When he was then asked how it was possible that he was totally unaware of the facts, which had been well-covered by Fox News, the Drudge Report and on any number of blogs and talk radio shows, Sherman blithely announced that he hadn’t come across the news in any of his regular sources, which included the L.A. Times, the Economist, Newsweek, the L.A. Daily News, the Congressional Quarterly and the National Journal. Frankly, I was surprised not to see the New York Times or the Washington Post mentioned, and I suspect he doesn’t actually read the Economist, either, but decided the rest of his reading list wasn’t very impressive and might lead Katie Couric to make fun of him.

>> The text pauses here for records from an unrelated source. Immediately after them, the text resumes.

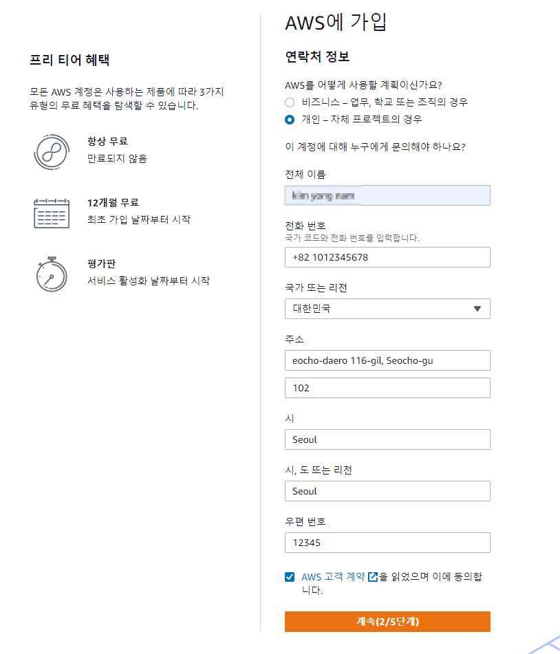 2. 계정유형은 "개인"을 선택 하고 개인 정보들을 입력한다.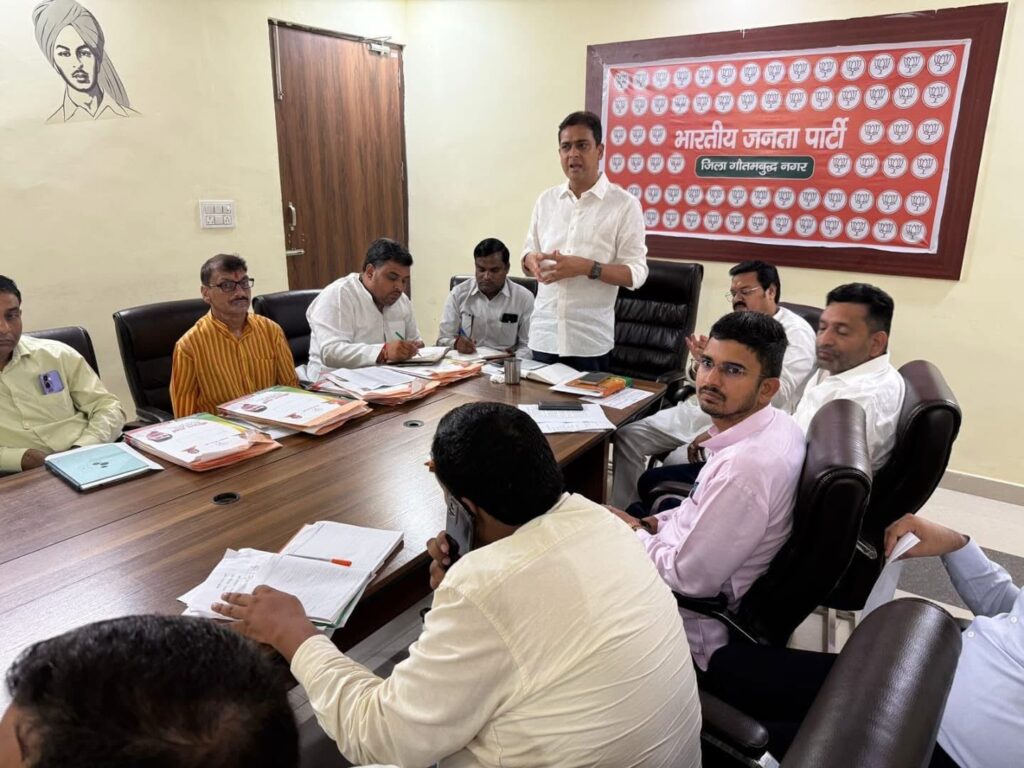 गौतम बुद्ध नगर भाजपा जिला कार्यालय तिलपता गोलचक्कर पर शिक्षक एवं स्नातक एमएलसी चुनाव को लेकर जिला संयोजक, सह संयोजक, मंडल अध्यक्ष एवं मंडल संयोजक गण के साथ महत्वपूर्ण बैठक आयोजित की गई।बैठक की अध्यक्षता ज़िलाध्यक्ष अभिषेक शर्मा ने की बैठक का संचालन जिला महामंत्री दीपक भारद्वाज धर्मेन्द्र कोरी ने किया ।बैठक में विस्तृत चुनावी रणनीति बनाई गई और हर बूथ स्तर तक कार्यकर्ताओं को सक्रिय करने की योजना पर चर्चा हुई। जिलाध्यक्ष अभिषेक शर्मा ने कहा कि सभी पदाधिकारियों ने मिलकर यह संकल्प लिया कि आने वाले चुनाव में भाजपा को ऐतिहासिक विजय दिलाई जाएगी।माननीय प्रधानमंत्री श्री नरेन्द्र मोदी जी के नेतृत्व और मार्गदर्शन में भाजपा का एक ही लक्ष्य है – चुनाव में प्रचंड जीत और संगठन को मज़बूत बनाना। कार्यकर्ताओं के उत्साह और जनता के विश्वास के बल पर जीत निश्चित है। इस अवसर पर मुख्य रूप से जिला महामंत्री धर्मन्द्र कोरी दीपक भारद्वाज राहुल पंडित इन्द्र नागर रवि जिंदल मीडिया प्रभारी कर्मवीर आर्य चन्द्रमणि भारद्वाज अर्पित तिवारी राजीव सिंघल सुनील ठाकुर गजेन्द्र वाल्मीकि संजय भाटी विशाल कुंमार आदि दर्जनों पदाधिकारी कार्यकर्ता बैठक में उपस्थित रहे ।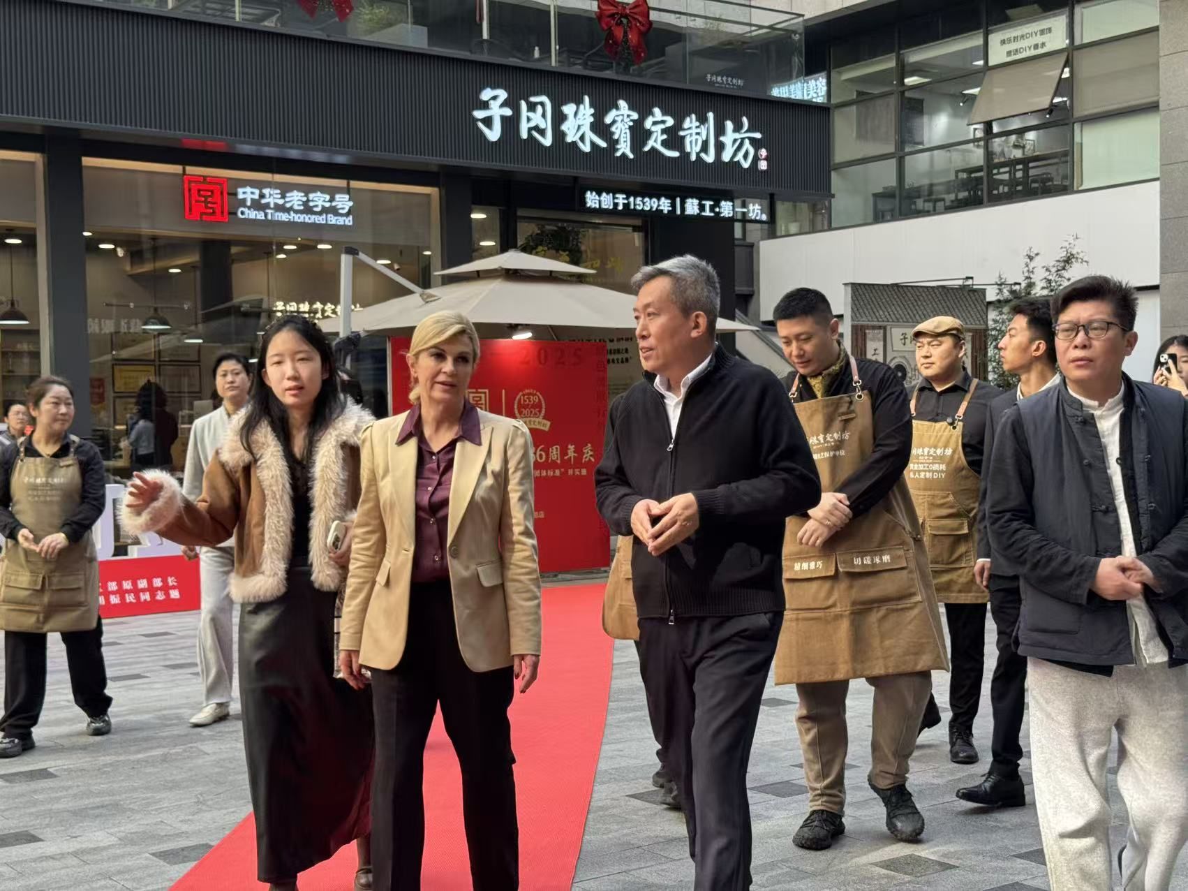 工坊迎来的首位顾客,是克罗地亚前总统科琳达女士。子冈团队以多瑙河粼粼波光为灵感源泉,为其量身定制金玉双镯,现场以锤錾、镶嵌等传统技法精工细作。得知科琳达女士是足球爱好者,子冈设计师巧妙融合智能金工工艺,打造出一枚别具一格的足球徽章伴手礼。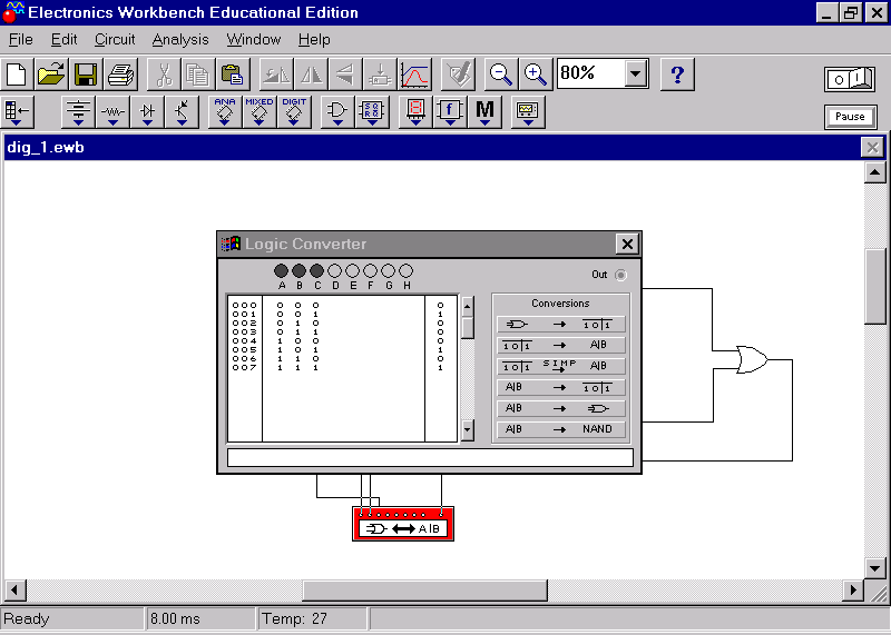 The logic converter can convert a digital circuit among different representations-truth table, Boolean expressions and circuit schematic. The logic converter icon looks like this:

Unlike Ms. Couric, I would never stoop to that sort of ridicule. Instead, I’ll simply point out that if you call this schmuck a pinhead, it’s not an insult, it’s the literal truth. A while back, my wife and I actually attended one of his Townhall meetings and I was shocked to discover that not only is he even dumber and smarmier in person than he is on TV, but he has the tiniest head I have ever seen on a grown-up. It’s as if he had been captured by pygmies who decided to shrink his head while it was still attached to his neck, but were then interrupted halfway through the process. Unfortunately, that was before they got to the really good part where they sew up their victim’s mouth.

Still, as we all know, it’s not just liberal politicians and media propagandists who give us all so much reason to despise them. Not too long ago, we had Michelle Obama, pausing in her mission to take candy from America’s babies, visit the oil-smeared Gulf and tell Americans how pristine the beaches are, and how we should all go there on our summer vacations. That came right around the time we all learned that the Obamas were taking theirs in Maine, which is about as far from Florida and Louisiana as you can get without vacationing in Nova Scotia.

If I remember correctly, she also insisted that we should all become better Americans by learning to speak Spanish, not that she or Barack had any such plans. This woman hands out so much bull hockey, I’m even beginning to wonder if she feeds Malia and Natasha Cocoa Pops for breakfast.

Just before taking off for Maine, our First Lady found the time to make an appearance at the NAACP convention and lead the left-wing rabble-rousers in a chorus of blame whitey. Somehow, when the president is black, his wife is black, his attorney general is black and his friend, Oprah Winfrey, is not only black, but probably the richest woman in the country, it strikes me as fatuous, if not downright loony, to keep insisting that America is a nation of bigots.

For sheer gall, it’s hard to beat the NAACP, a group dedicated to a racist agenda, having the gall to condemn the Tea Party movement as racist. It strikes me as an obvious attempt on the part of the black pot to besmirch the innocent kettle.